Supplied material:
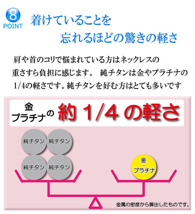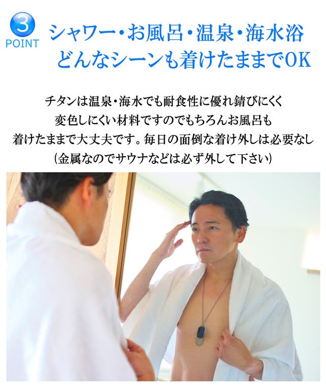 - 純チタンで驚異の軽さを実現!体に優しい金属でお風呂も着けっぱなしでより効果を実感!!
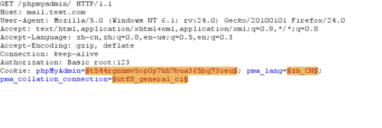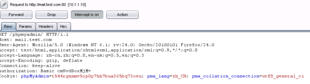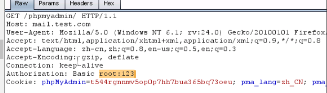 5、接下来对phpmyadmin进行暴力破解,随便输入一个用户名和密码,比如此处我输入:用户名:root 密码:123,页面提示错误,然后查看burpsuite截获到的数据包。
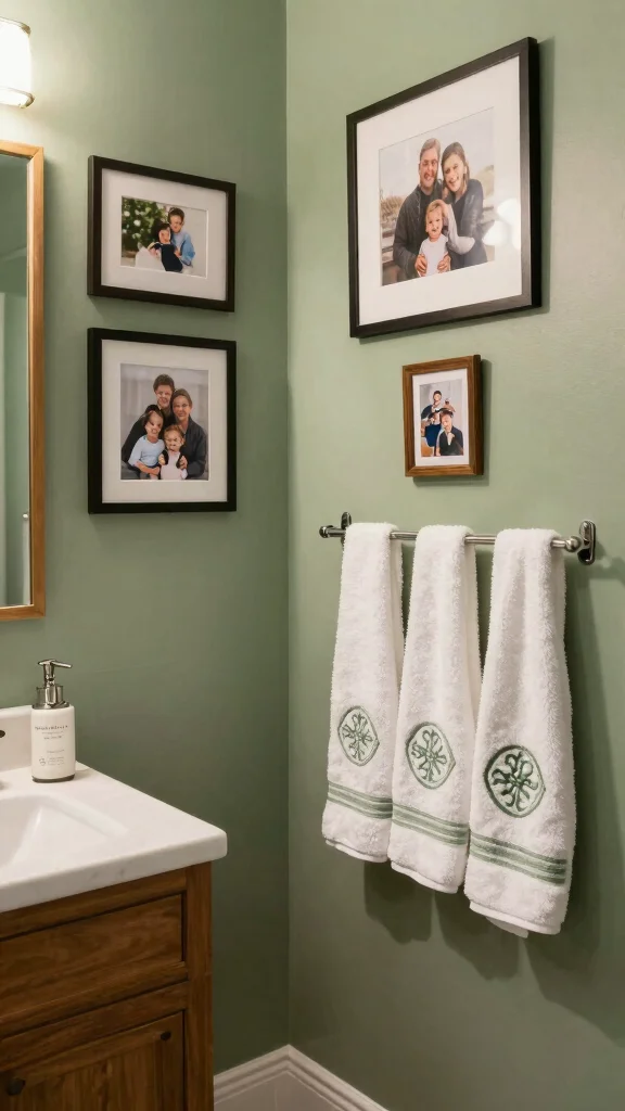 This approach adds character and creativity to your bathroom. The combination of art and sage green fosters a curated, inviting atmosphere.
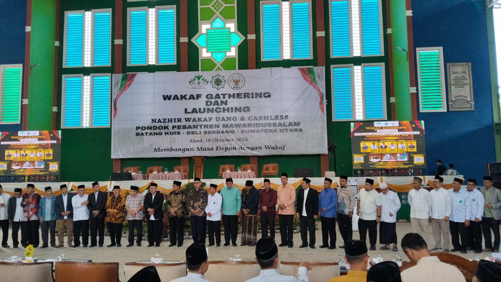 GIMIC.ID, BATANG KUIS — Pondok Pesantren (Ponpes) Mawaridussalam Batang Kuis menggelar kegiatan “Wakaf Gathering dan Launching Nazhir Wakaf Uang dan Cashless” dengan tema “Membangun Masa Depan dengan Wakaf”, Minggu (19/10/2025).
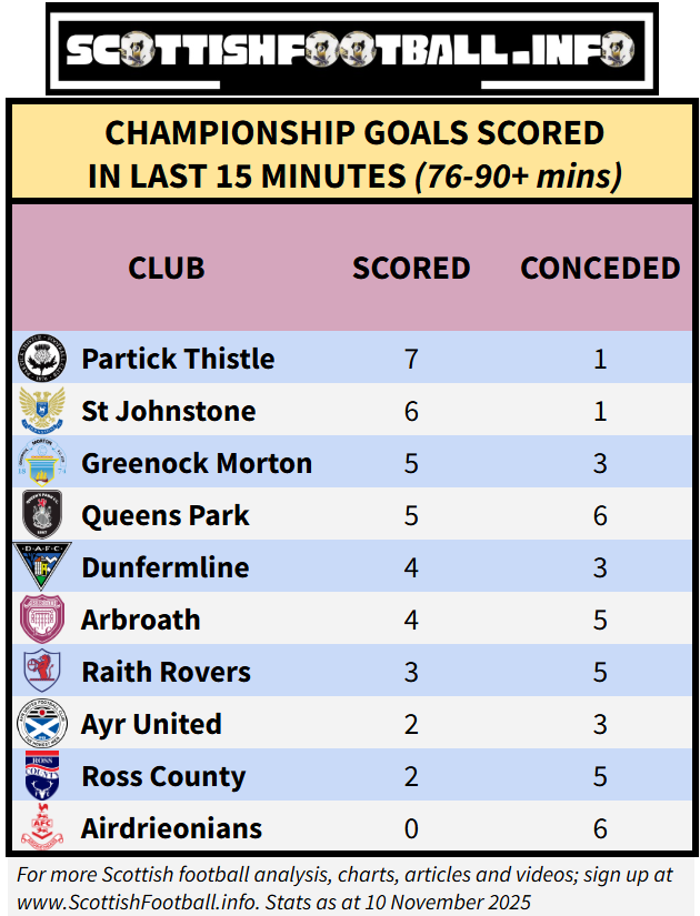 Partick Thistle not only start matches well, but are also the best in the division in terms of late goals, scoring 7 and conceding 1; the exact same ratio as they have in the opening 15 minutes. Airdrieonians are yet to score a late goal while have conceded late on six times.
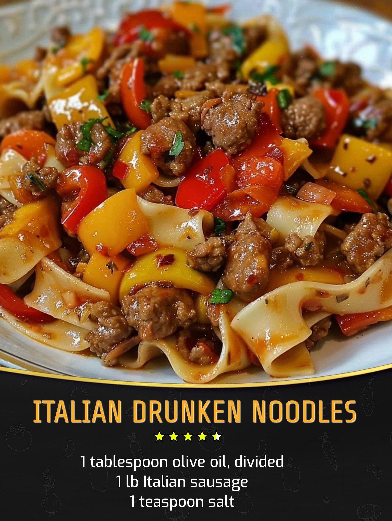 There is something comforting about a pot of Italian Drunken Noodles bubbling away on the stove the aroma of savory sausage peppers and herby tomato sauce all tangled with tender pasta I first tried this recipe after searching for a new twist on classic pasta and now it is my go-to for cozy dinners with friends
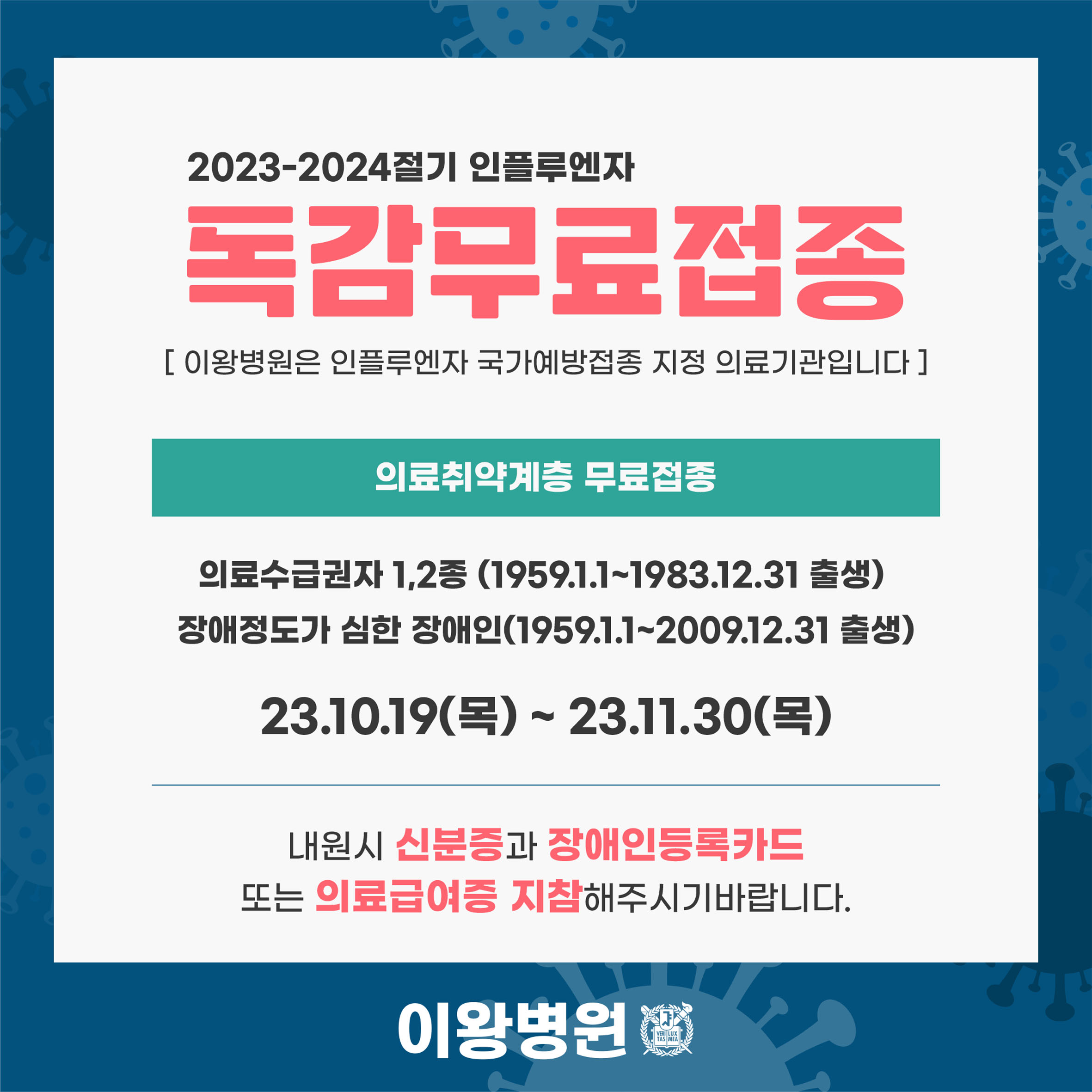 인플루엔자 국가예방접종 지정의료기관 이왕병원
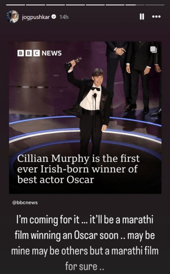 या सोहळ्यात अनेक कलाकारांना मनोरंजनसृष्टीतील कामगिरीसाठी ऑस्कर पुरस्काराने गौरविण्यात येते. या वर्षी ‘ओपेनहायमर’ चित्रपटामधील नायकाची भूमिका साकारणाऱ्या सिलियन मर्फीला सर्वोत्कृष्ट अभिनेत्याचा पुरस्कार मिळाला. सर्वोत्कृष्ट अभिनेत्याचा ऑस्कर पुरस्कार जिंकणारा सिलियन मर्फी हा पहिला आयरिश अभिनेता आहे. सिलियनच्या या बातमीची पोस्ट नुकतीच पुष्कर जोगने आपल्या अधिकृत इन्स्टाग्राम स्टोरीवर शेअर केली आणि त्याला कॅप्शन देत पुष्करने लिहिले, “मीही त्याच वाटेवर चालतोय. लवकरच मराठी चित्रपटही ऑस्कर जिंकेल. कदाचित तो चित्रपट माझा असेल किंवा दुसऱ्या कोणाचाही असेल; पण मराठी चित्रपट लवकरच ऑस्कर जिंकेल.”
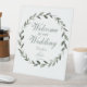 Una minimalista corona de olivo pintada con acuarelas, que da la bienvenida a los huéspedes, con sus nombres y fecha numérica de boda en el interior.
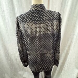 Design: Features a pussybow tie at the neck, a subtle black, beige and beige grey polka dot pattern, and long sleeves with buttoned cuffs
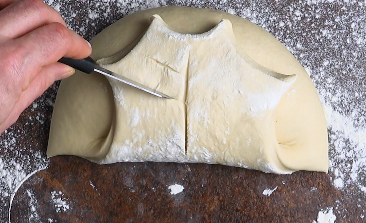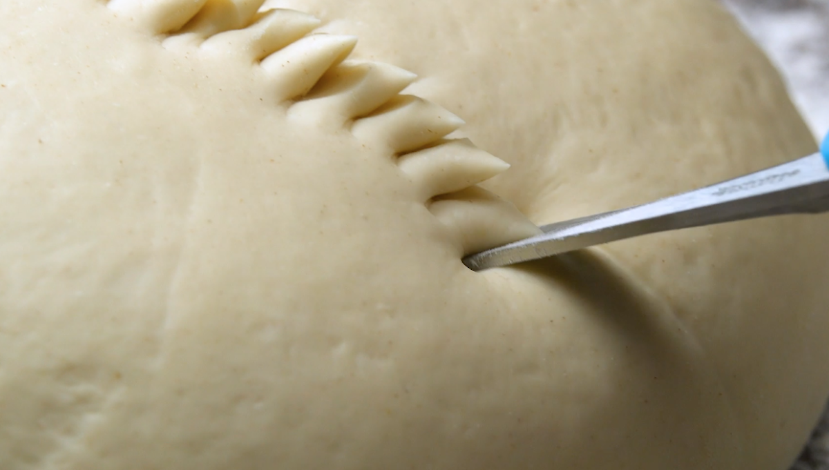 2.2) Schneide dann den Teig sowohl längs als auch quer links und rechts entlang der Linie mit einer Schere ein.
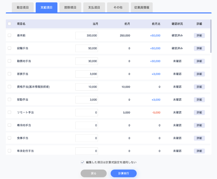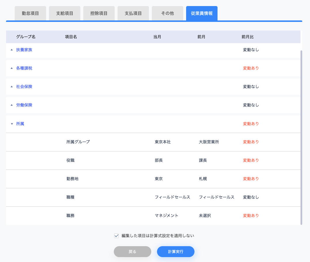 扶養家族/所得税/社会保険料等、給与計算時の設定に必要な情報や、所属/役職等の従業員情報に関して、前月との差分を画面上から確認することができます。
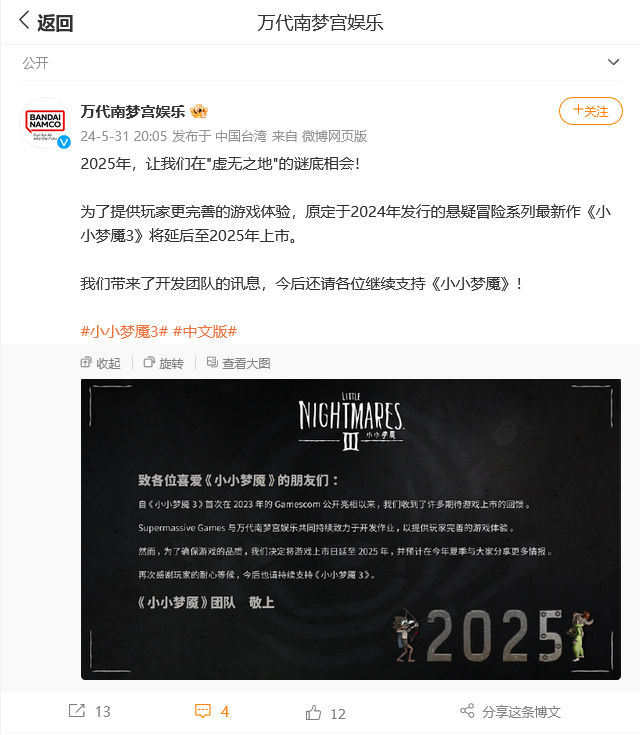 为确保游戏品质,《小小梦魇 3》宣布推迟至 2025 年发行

Try it:
The copy you produce must hold all the records above exactly and none of their pictures.

Solution to the exercise:
 - 純チタンで驚異の軽さを実現!体に優しい金属でお風呂も着けっぱなしでより効果を実感!!
 5、接下来对phpmyadmin进行暴力破解,随便输入一个用户名和密码,比如此处我输入:用户名:root 密码:123,页面提示错误,然后查看burpsuite截获到的数据包。
 This approach adds character and creativity to your bathroom. The combination of art and sage green fosters a curated, inviting atmosphere.
 GIMIC.ID, BATANG KUIS — Pondok Pesantren (Ponpes) Mawaridussalam Batang Kuis menggelar kegiatan “Wakaf Gathering dan Launching Nazhir Wakaf Uang dan Cashless” dengan tema “Membangun Masa Depan dengan Wakaf”, Minggu (19/10/2025).
 Partick Thistle not only start matches well, but are also the best in the division in terms of late goals, scoring 7 and conceding 1; the exact same ratio as they have in the opening 15 minutes. Airdrieonians are yet to score a late goal while have conceded late on six times.
 There is something comforting about a pot of Italian Drunken Noodles bubbling away on the stove the aroma of savory sausage peppers and herby tomato sauce all tangled with tender pasta I first tried this recipe after searching for a new twist on classic pasta and now it is my go-to for cozy dinners with friends
 인플루엔자 국가예방접종 지정의료기관 이왕병원
 या सोहळ्यात अनेक कलाकारांना मनोरंजनसृष्टीतील कामगिरीसाठी ऑस्कर पुरस्काराने गौरविण्यात येते. या वर्षी ‘ओपेनहायमर’ चित्रपटामधील नायकाची भूमिका साकारणाऱ्या सिलियन मर्फीला सर्वोत्कृष्ट अभिनेत्याचा पुरस्कार मिळाला. सर्वोत्कृष्ट अभिनेत्याचा ऑस्कर पुरस्कार जिंकणारा सिलियन मर्फी हा पहिला आयरिश अभिनेता आहे. सिलियनच्या या बातमीची पोस्ट नुकतीच पुष्कर जोगने आपल्या अधिकृत इन्स्टाग्राम स्टोरीवर शेअर केली आणि त्याला कॅप्शन देत पुष्करने लिहिले, “मीही त्याच वाटेवर चालतोय. लवकरच मराठी चित्रपटही ऑस्कर जिंकेल. कदाचित तो चित्रपट माझा असेल किंवा दुसऱ्या कोणाचाही असेल; पण मराठी चित्रपट लवकरच ऑस्कर जिंकेल.”
 Una minimalista corona de olivo pintada con acuarelas, que da la bienvenida a los huéspedes, con sus nombres y fecha numérica de boda en el interior.
 Design: Features a pussybow tie at the neck, a subtle black, beige and beige grey polka dot pattern, and long sleeves with buttoned cuffs
 2.2) Schneide dann den Teig sowohl längs als auch quer links und rechts entlang der Linie mit einer Schere ein.
 扶養家族/所得税/社会保険料等、給与計算時の設定に必要な情報や、所属/役職等の従業員情報に関して、前月との差分を画面上から確認することができます。
 为确保游戏品质,《小小梦魇 3》宣布推迟至 2025 年发行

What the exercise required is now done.